TASK PROMPT
Images in the data are to be skipped, while every line is restated exactly as written.

Collected data
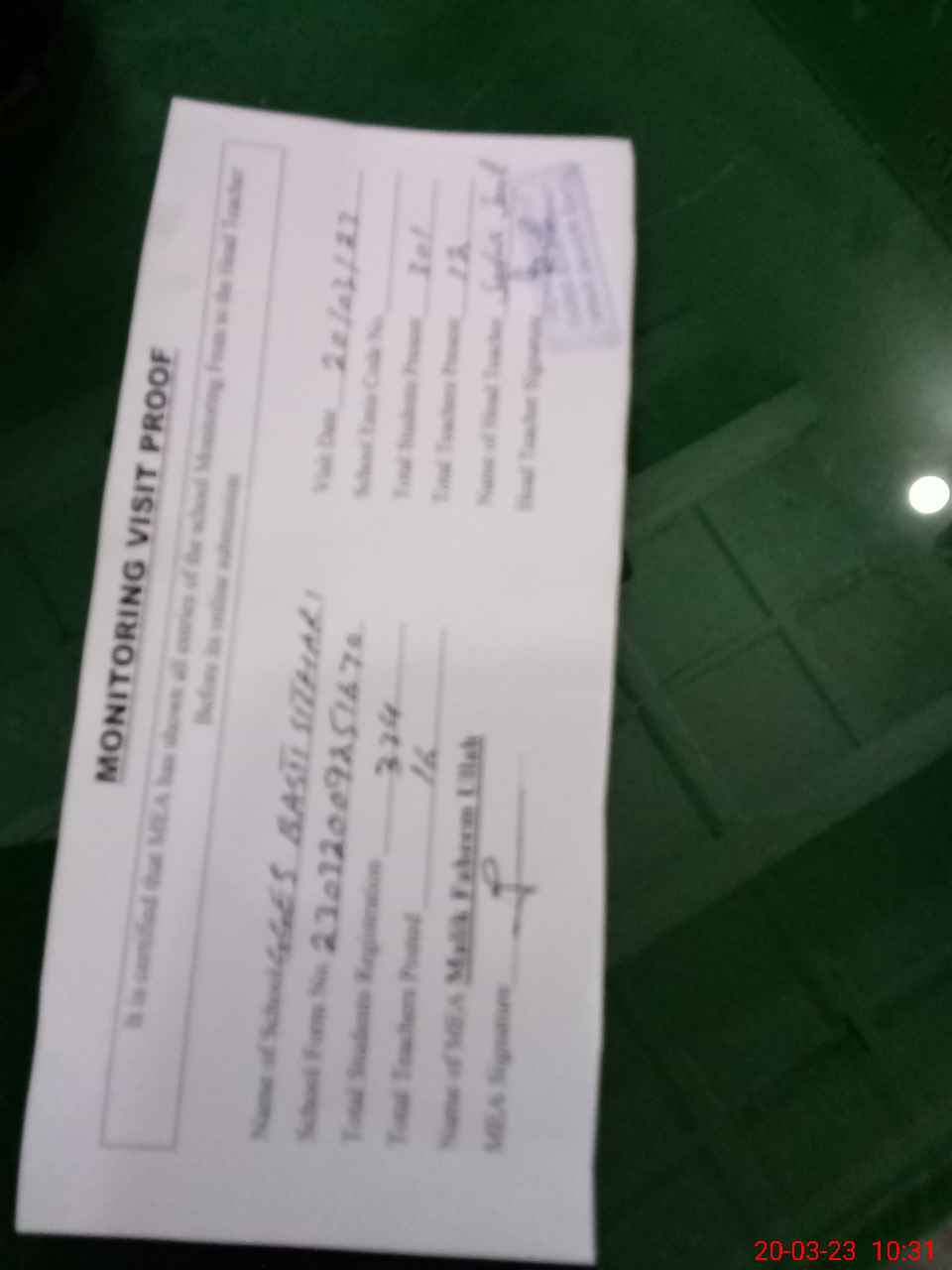 | Attendance Register | Head Teacher | MEA with School | Visit Proof |
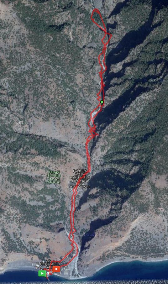 Ez a nap az én kedvemért történt, mivel én mindenképpen szerettem volna látni a Samaria szurdokot. Sajnos a család lány tagjai mindketten térdsérültek, így a hosszas hegyi túrázást nem tudják vállalni. Egyébként is azt mondják, hogy a túra eleje a legnehezebb, ott kell lefele jönni sokat és meredeken. Így kompromisszumot kötöttünk, és a neten csak „Light Samaria túrának” nevezett változatot választottuk. Magyarul autóval elmentünk Chora Sfakionba, onnét áthajóztunk Roumelibe, bementünk a kijáraton és felsétáltunk a szurdokba egy darabig, majd lesétáltunk. Valóságban a szurdok legszűkebb pontja feletti első pihenő és víznyerő helyig sétáltunk fel.A felvett útvonal a jobb oldali képen látható (kattintásra nagyobban is megnézhető). A teljes táv 9,3 km volt oda-vissza, melyet kényelmes tempóban 3,5 óra alatt teljesítettünk.
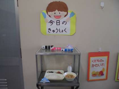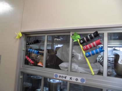 親子方式給食の導入によって、5人の給食調理員さんが毎日約800人分の給食を調理してくださっています。その忙しい作業の合間を見つけては、子どもたちが給食に興味を持ち、毎日楽しくおいしく給食が食べられるように、給食室の中をいろいろな手づくりの作品で飾ってくれています。
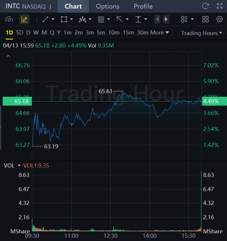 The chip maker's stock $(INTC)$ closed up 4.5% on Monday, marking its ninth consecutive day in the green, and its best nine-day stretch on record, according to Dow Jones Market Data. The company's shares are up 58.29% over that period, the data showed.
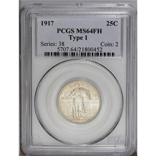 <B>1917<25C> Type One MS64 Full Head PCGS.</B></I> Potent luster brightens this lightly toned and intricately struck type coin. The reverse is splendidly preserved, as is the obverse field, while the Standing Liberty displays only moderate marks.
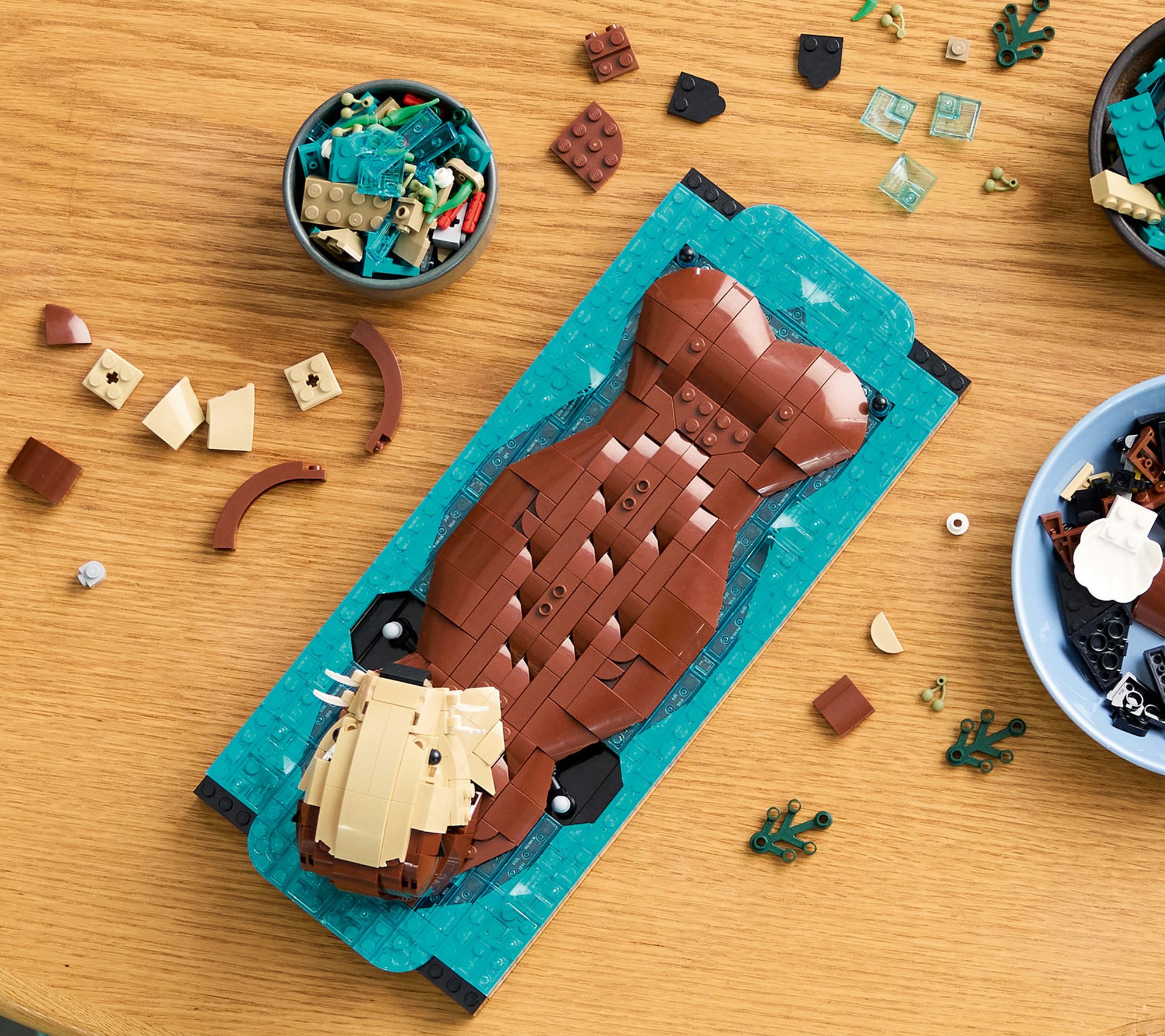 Bring a touch of whimsy to your workspace or living room with these LEGO blocks, creating a heartfelt scene of a mother sea otter floating in a kelp garden with her curious pup. Whether you're an animal enthusiast or a seasoned builder, enjoy hours of creative fun as you pose mama otter and explore the interactive LEGO Builder app. From LEGO.

REPLY
 | Attendance Register | Head Teacher | MEA with School | Visit Proof |
 Ez a nap az én kedvemért történt, mivel én mindenképpen szerettem volna látni a Samaria szurdokot. Sajnos a család lány tagjai mindketten térdsérültek, így a hosszas hegyi túrázást nem tudják vállalni. Egyébként is azt mondják, hogy a túra eleje a legnehezebb, ott kell lefele jönni sokat és meredeken. Így kompromisszumot kötöttünk, és a neten csak „Light Samaria túrának” nevezett változatot választottuk. Magyarul autóval elmentünk Chora Sfakionba, onnét áthajóztunk Roumelibe, bementünk a kijáraton és felsétáltunk a szurdokba egy darabig, majd lesétáltunk. Valóságban a szurdok legszűkebb pontja feletti első pihenő és víznyerő helyig sétáltunk fel.A felvett útvonal a jobb oldali képen látható (kattintásra nagyobban is megnézhető). A teljes táv 9,3 km volt oda-vissza, melyet kényelmes tempóban 3,5 óra alatt teljesítettünk.
 親子方式給食の導入によって、5人の給食調理員さんが毎日約800人分の給食を調理してくださっています。その忙しい作業の合間を見つけては、子どもたちが給食に興味を持ち、毎日楽しくおいしく給食が食べられるように、給食室の中をいろいろな手づくりの作品で飾ってくれています。
 The chip maker's stock $(INTC)$ closed up 4.5% on Monday, marking its ninth consecutive day in the green, and its best nine-day stretch on record, according to Dow Jones Market Data. The company's shares are up 58.29% over that period, the data showed.
 <B>1917<25C> Type One MS64 Full Head PCGS.</B></I> Potent luster brightens this lightly toned and intricately struck type coin. The reverse is splendidly preserved, as is the obverse field, while the Standing Liberty displays only moderate marks.
 Bring a touch of whimsy to your workspace or living room with these LEGO blocks, creating a heartfelt scene of a mother sea otter floating in a kelp garden with her curious pup. Whether you're an animal enthusiast or a seasoned builder, enjoy hours of creative fun as you pose mama otter and explore the interactive LEGO Builder app. From LEGO.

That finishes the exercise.